▸ **Items from a dataset**:
'''

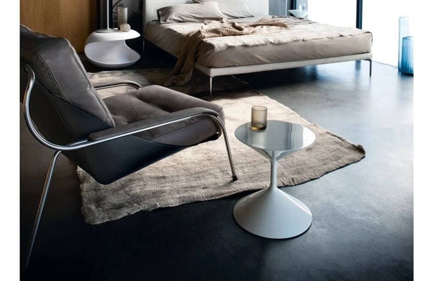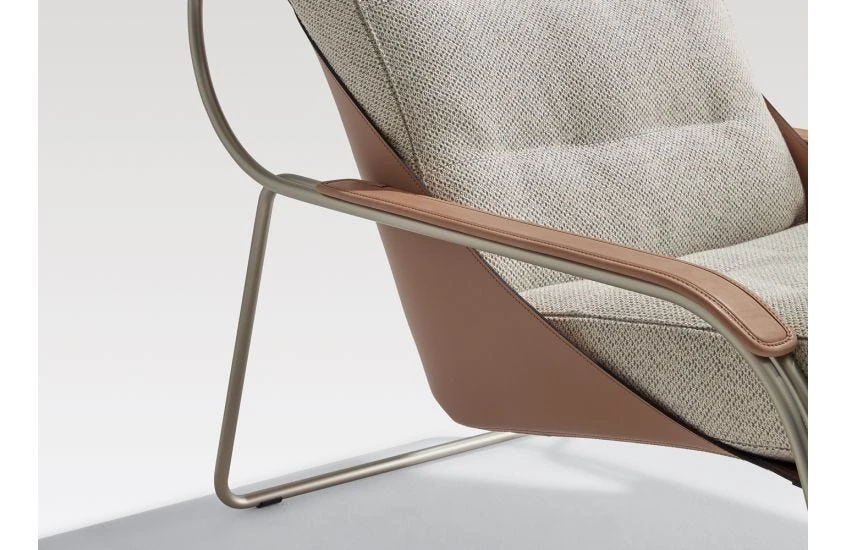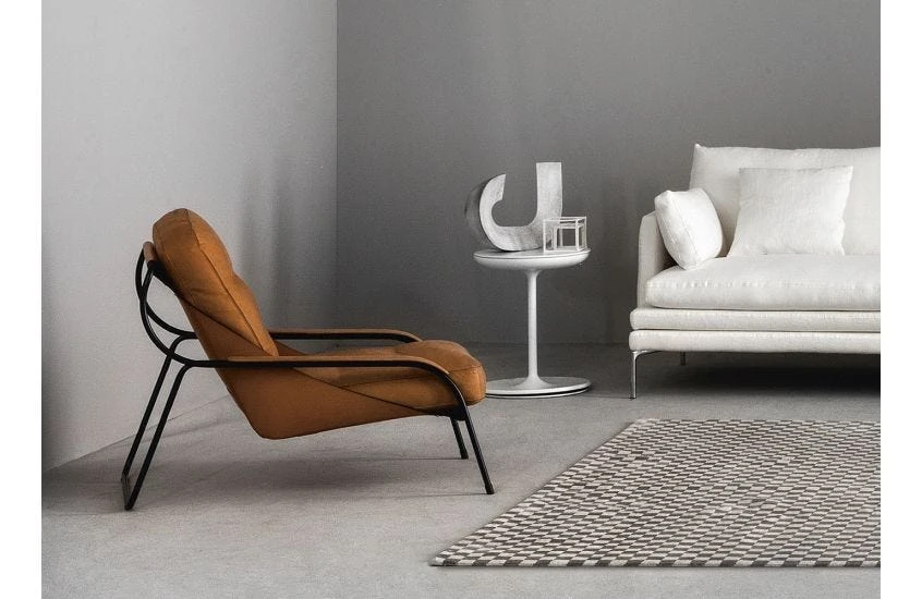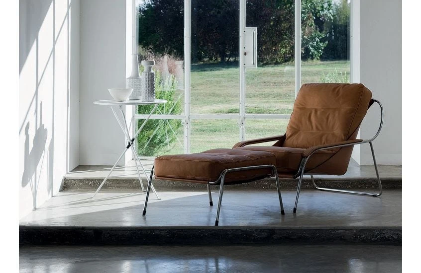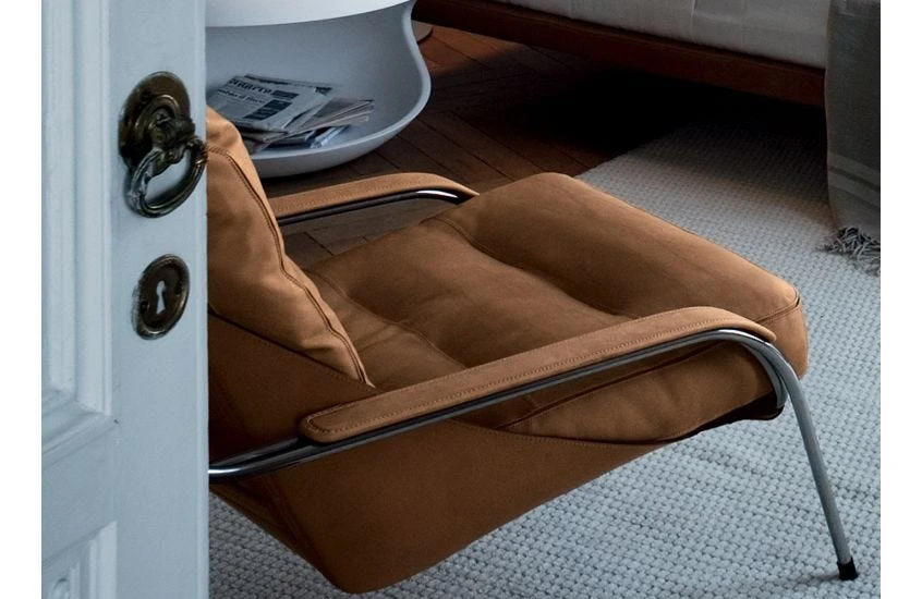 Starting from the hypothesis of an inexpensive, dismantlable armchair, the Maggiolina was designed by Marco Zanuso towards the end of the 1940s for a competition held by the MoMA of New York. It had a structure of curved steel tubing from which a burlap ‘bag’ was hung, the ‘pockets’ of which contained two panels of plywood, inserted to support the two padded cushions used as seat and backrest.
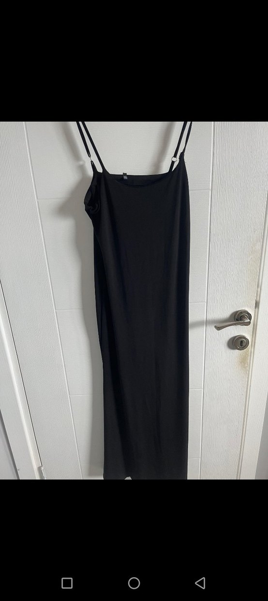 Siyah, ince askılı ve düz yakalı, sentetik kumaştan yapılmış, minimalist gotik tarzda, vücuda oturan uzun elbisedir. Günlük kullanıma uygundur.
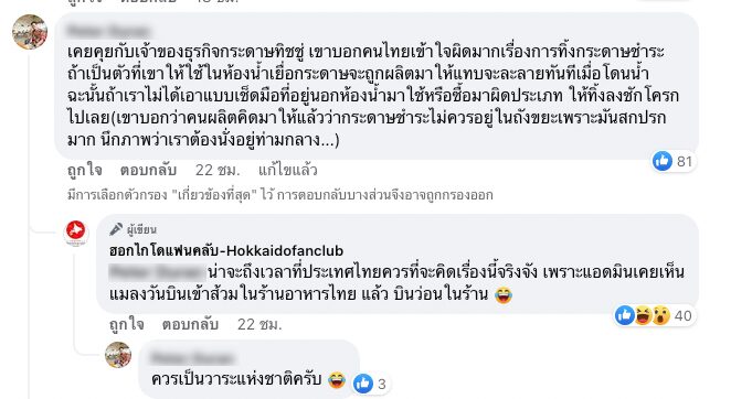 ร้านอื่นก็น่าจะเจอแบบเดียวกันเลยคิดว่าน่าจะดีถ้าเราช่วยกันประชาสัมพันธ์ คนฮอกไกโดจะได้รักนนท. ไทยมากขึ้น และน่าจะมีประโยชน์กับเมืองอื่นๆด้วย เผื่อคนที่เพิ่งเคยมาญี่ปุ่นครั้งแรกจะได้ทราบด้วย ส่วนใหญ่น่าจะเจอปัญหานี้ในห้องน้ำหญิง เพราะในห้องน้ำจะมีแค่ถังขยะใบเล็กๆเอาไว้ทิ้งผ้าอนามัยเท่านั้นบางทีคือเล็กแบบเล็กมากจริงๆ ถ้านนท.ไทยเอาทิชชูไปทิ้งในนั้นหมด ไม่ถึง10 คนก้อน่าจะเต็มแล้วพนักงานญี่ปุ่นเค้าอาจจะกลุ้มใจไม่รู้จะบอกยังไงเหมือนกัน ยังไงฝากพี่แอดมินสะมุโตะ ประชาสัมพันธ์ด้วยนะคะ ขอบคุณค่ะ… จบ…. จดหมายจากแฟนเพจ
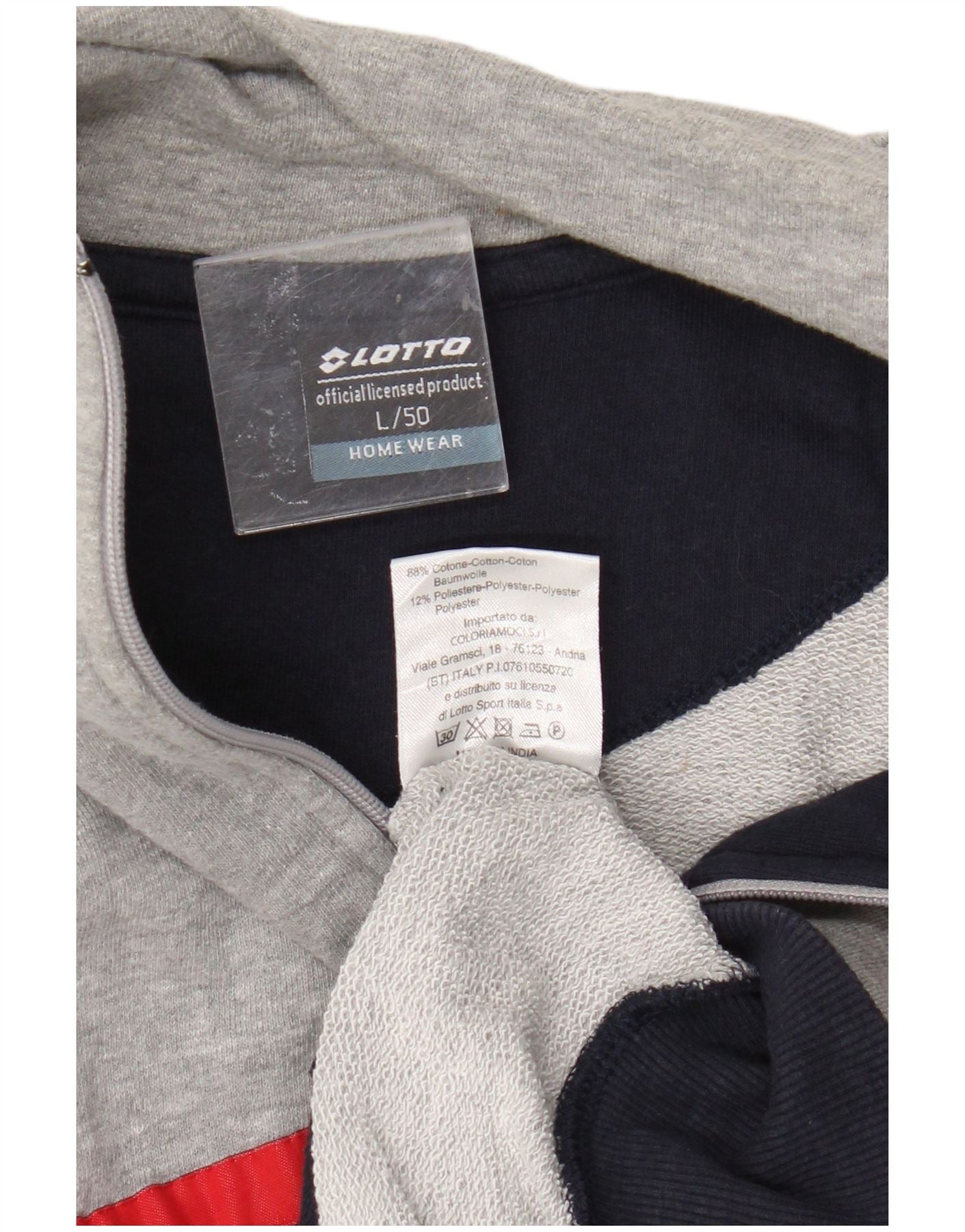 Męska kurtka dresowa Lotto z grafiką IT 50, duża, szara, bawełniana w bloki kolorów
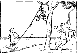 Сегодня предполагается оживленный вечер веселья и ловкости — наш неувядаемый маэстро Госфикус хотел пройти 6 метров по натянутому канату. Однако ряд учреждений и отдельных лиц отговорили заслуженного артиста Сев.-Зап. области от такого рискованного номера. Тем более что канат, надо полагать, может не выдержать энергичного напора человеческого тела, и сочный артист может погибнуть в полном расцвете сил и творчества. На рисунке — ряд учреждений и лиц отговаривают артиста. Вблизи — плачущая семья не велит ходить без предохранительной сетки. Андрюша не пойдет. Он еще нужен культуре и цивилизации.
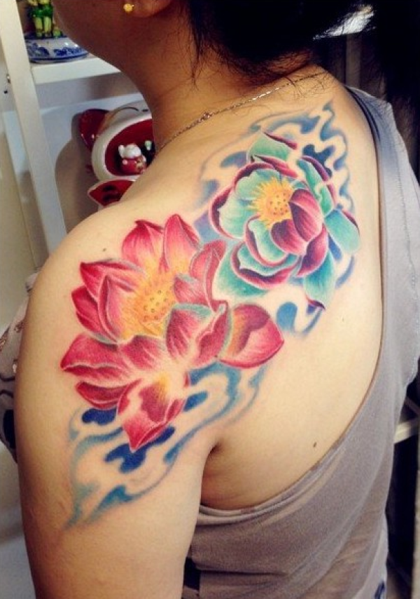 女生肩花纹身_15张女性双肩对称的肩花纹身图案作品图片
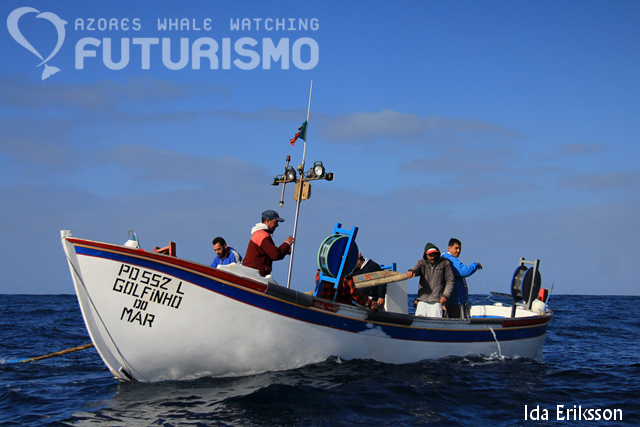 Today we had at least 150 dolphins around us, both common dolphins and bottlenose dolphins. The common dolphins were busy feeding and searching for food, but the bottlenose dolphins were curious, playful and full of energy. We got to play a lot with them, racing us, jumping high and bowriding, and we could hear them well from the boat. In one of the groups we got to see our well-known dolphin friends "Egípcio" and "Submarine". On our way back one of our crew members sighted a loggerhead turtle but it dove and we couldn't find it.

'''

▸ **PROBLEM DESCRIPTION**: Please retype every record exactly, leaving the pictures out.

▸ **RESPONSE**:
 Starting from the hypothesis of an inexpensive, dismantlable armchair, the Maggiolina was designed by Marco Zanuso towards the end of the 1940s for a competition held by the MoMA of New York. It had a structure of curved steel tubing from which a burlap ‘bag’ was hung, the ‘pockets’ of which contained two panels of plywood, inserted to support the two padded cushions used as seat and backrest.
 Siyah, ince askılı ve düz yakalı, sentetik kumaştan yapılmış, minimalist gotik tarzda, vücuda oturan uzun elbisedir. Günlük kullanıma uygundur.
 ร้านอื่นก็น่าจะเจอแบบเดียวกันเลยคิดว่าน่าจะดีถ้าเราช่วยกันประชาสัมพันธ์ คนฮอกไกโดจะได้รักนนท. ไทยมากขึ้น และน่าจะมีประโยชน์กับเมืองอื่นๆด้วย เผื่อคนที่เพิ่งเคยมาญี่ปุ่นครั้งแรกจะได้ทราบด้วย ส่วนใหญ่น่าจะเจอปัญหานี้ในห้องน้ำหญิง เพราะในห้องน้ำจะมีแค่ถังขยะใบเล็กๆเอาไว้ทิ้งผ้าอนามัยเท่านั้นบางทีคือเล็กแบบเล็กมากจริงๆ ถ้านนท.ไทยเอาทิชชูไปทิ้งในนั้นหมด ไม่ถึง10 คนก้อน่าจะเต็มแล้วพนักงานญี่ปุ่นเค้าอาจจะกลุ้มใจไม่รู้จะบอกยังไงเหมือนกัน ยังไงฝากพี่แอดมินสะมุโตะ ประชาสัมพันธ์ด้วยนะคะ ขอบคุณค่ะ… จบ…. จดหมายจากแฟนเพจ
 Męska kurtka dresowa Lotto z grafiką IT 50, duża, szara, bawełniana w bloki kolorów
 Сегодня предполагается оживленный вечер веселья и ловкости — наш неувядаемый маэстро Госфикус хотел пройти 6 метров по натянутому канату. Однако ряд учреждений и отдельных лиц отговорили заслуженного артиста Сев.-Зап. области от такого рискованного номера. Тем более что канат, надо полагать, может не выдержать энергичного напора человеческого тела, и сочный артист может погибнуть в полном расцвете сил и творчества. На рисунке — ряд учреждений и лиц отговаривают артиста. Вблизи — плачущая семья не велит ходить без предохранительной сетки. Андрюша не пойдет. Он еще нужен культуре и цивилизации.
 女生肩花纹身_15张女性双肩对称的肩花纹身图案作品图片
 Today we had at least 150 dolphins around us, both common dolphins and bottlenose dolphins. The common dolphins were busy feeding and searching for food, but the bottlenose dolphins were curious, playful and full of energy. We got to play a lot with them, racing us, jumping high and bowriding, and we could hear them well from the boat. In one of the groups we got to see our well-known dolphin friends "Egípcio" and "Submarine". On our way back one of our crew members sighted a loggerhead turtle but it dove and we couldn't find it.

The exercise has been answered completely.